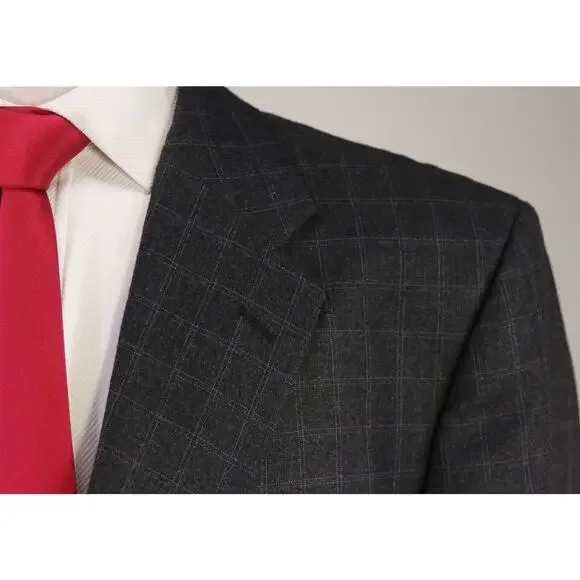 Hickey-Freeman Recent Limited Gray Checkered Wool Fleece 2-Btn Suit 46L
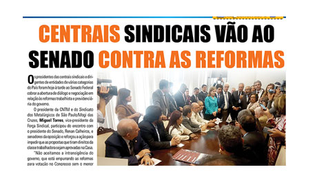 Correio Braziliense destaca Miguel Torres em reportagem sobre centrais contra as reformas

· · · · ·

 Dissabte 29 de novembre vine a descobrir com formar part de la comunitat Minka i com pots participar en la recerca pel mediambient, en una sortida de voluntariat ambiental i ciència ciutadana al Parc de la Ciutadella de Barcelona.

· · · · ·

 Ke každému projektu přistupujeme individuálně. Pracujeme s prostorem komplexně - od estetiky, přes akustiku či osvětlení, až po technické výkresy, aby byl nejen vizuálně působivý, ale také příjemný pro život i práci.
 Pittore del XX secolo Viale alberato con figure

· · · · ·

Repeat exactly, and only, the entries from the line with "Hickey-Freeman Recent Limited" through the line with "Correio Braziliense destaca". Pictures are skipped.

 Hickey-Freeman Recent Limited Gray Checkered Wool Fleece 2-Btn Suit 46L
 Correio Braziliense destaca Miguel Torres em reportagem sobre centrais contra as reformas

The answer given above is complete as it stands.